3.2.4. MLO UV Spectroradiometer
A UV spectroradiometer was installed at MLO in July 1995. The first 3 months of data were described by Bodhaine et al. , and the first complete year of data was described by Bodhaine et al. . The UV irradiances measured at MLO are much more intense than at low-altitude midlatitude locations. A brief introduction to the program and description of the instrument were presented in section 3.2.4 of CMDL Summary Report No. 23. The spectroradiometer was located on a small concrete pad just upslope from the solar radiation building for almost 2 full years (July 1995-June 1997). Here we present the 2-year data set selected for clear mornings only. Clear mornings occur at MLO approximately 60% of the time providing an excellent site for solar radiation measurements and especially Langley calibrations. All processed spectral data are available from CMDL data archives.

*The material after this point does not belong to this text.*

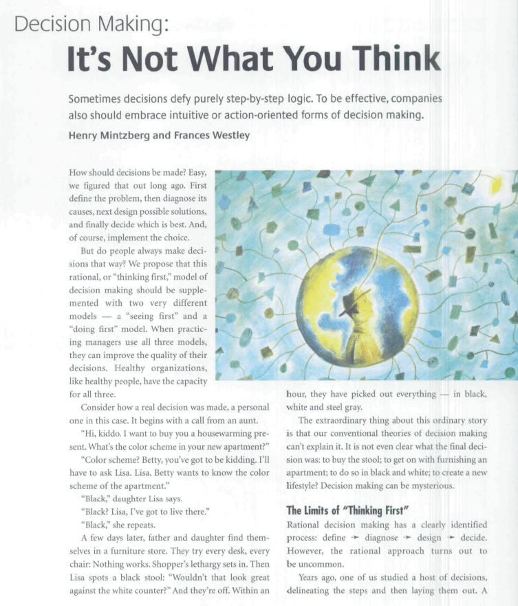 Article link: http://hiba.edu.sy/FCKBIH/Mintzberg%202001%20DM%20It’s%20Not%20What%20You%20Think.pdf

The UV spectroradiometer was described by McKenzie et al.  and Bodhaine et al. . Briefly, a diffuser designed to minimize cosine error is mounted as a horizontal incidence receptor to view the whole sky. A quartz dome protects the diffuser from the weather. A shading disk can be mounted on the instrument in order to separate the diffuse and direct radiative components. Stepper-motor driven gratings cover the spectral range of 290-450 nm with a bandpass of about 1 nm. A complete scan requires about 200 seconds. The computer control and data logging system are located in the solar radiation building.
Absolute calibration of the spectroradiometer is performed at approximately 6-month intervals using a National Institute of Standards and Technology (NIST)-traceable 1000-W FEL lamp. Weekly stability calibrations are performed using a mercury lamp and a 45-W standard lamp. The expected long-term accuracy of the spectroradiometer system is better than ±5%. A detailed error analysis for this instrument was given by McKenzie et al.  and was also discussed by Bodhaine et al. .
For the following analysis, UV spectroradiometer data for 45o solar zenith angle (SZA) were chosen for clear mornings at MLO during the July 1995-June 1997 time period. This comprises nearly 2 full years of data, amounting to 230 data points, and includes ozone values in the range 212-309 Dobson Units (DU).
Clear mornings at MLO were determined in the same manner as in the previous studies, that is, a day was accepted as a clear day if the sky was cloudless from dawn through the time of the 45o scan and if Dobson ozone data were available for that morning. Figure 3.17 shows 1-nm means for selected wavelengths for a SZA of 45°. At the shortest wavelengths the variations in UV irradiance are caused primarily by variations in ozone. Variations at the longer wavelengths are less influenced by ozone but may be caused by other atmospheric constituents such as Asian desert dust. Note that the large decrease evident at 325 nm in February 1997 amounts to only about 20%, whereas the corresponding decrease at 195 nm is more than 50% and is caused primarily by an increase in ozone. Missing ozone data caused the unfortunate gap in March-April 1997. Erythemal radiation data were obtained from the spectroradiometer data by applying the erythemal weighting function of McKinlay and Diffey  and integrating over wavelength for each scan as discussed by Bodhaine et al. . Figure 3.18 shows the time series of erythema data and ozone data to illustrate the direct correspondence for the same 2-year period.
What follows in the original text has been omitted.